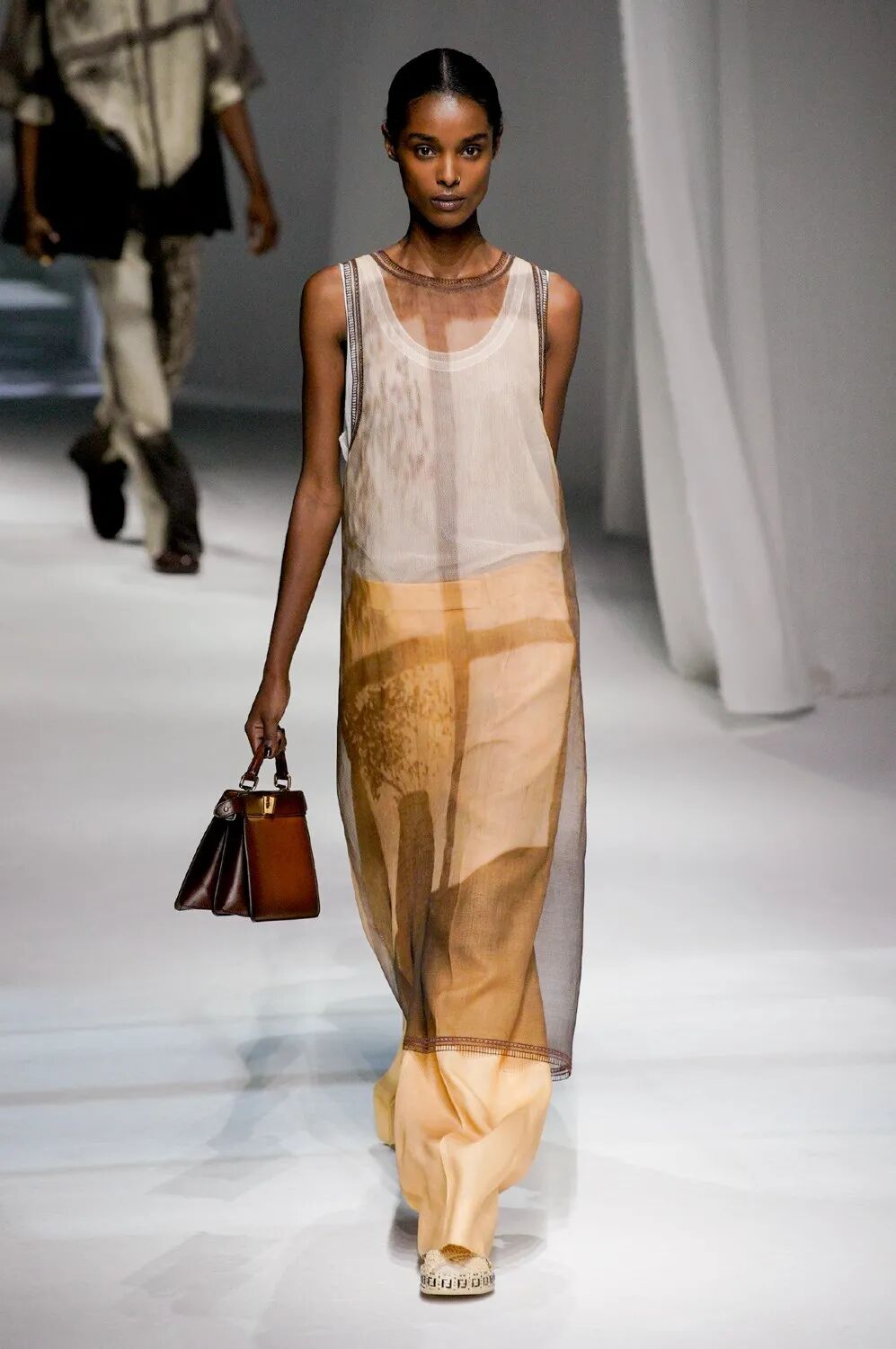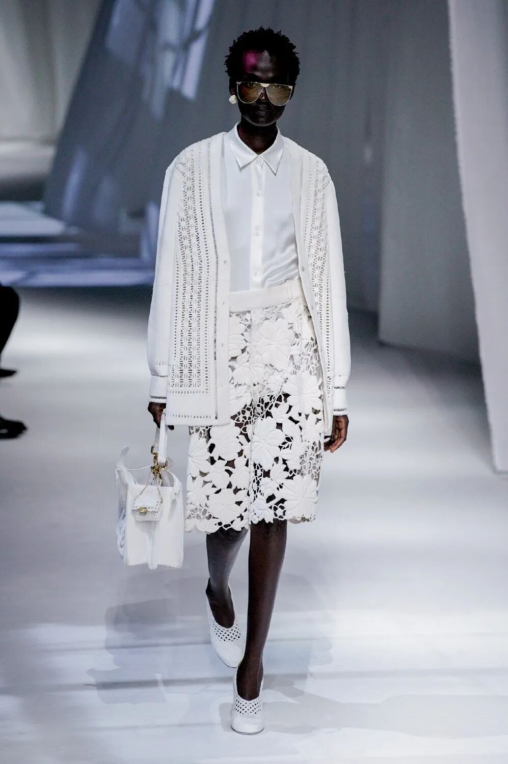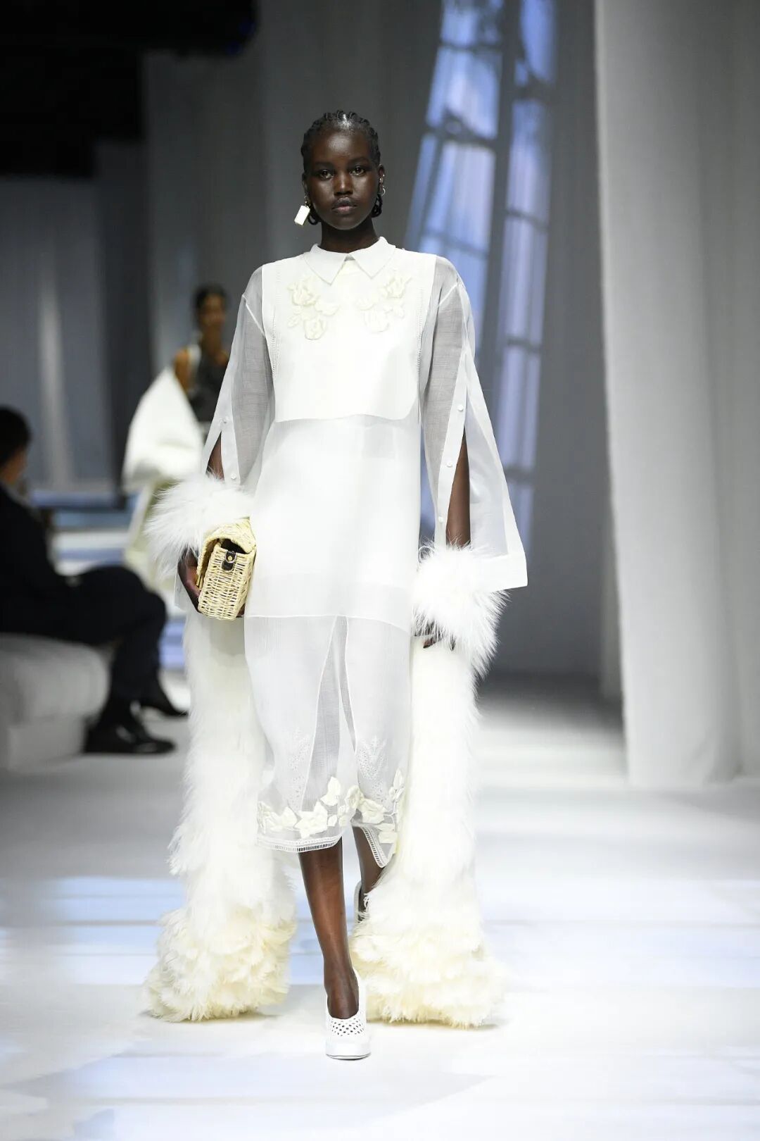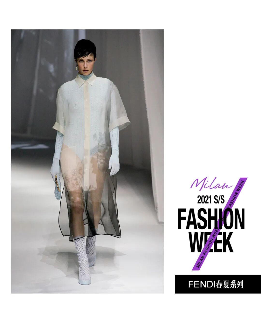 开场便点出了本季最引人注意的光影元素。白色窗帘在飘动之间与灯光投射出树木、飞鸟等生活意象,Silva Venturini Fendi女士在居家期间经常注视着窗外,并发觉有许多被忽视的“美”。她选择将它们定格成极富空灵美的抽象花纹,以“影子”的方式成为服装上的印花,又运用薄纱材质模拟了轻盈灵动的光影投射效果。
...
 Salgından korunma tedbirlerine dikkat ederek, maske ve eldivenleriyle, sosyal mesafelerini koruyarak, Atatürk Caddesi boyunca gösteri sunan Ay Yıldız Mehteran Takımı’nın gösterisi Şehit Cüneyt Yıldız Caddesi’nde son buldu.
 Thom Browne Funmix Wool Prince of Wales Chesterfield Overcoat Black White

[What you need to do]:
For the listing above, print only the lines starting at the line containing "Salgından korunma tedbirlerine" and ending at the line containing "Thom Browne Funmix", exactly, both included.

[Answer to this problem]:
 Salgından korunma tedbirlerine dikkat ederek, maske ve eldivenleriyle, sosyal mesafelerini koruyarak, Atatürk Caddesi boyunca gösteri sunan Ay Yıldız Mehteran Takımı’nın gösterisi Şehit Cüneyt Yıldız Caddesi’nde son buldu.
 Thom Browne Funmix Wool Prince of Wales Chesterfield Overcoat Black White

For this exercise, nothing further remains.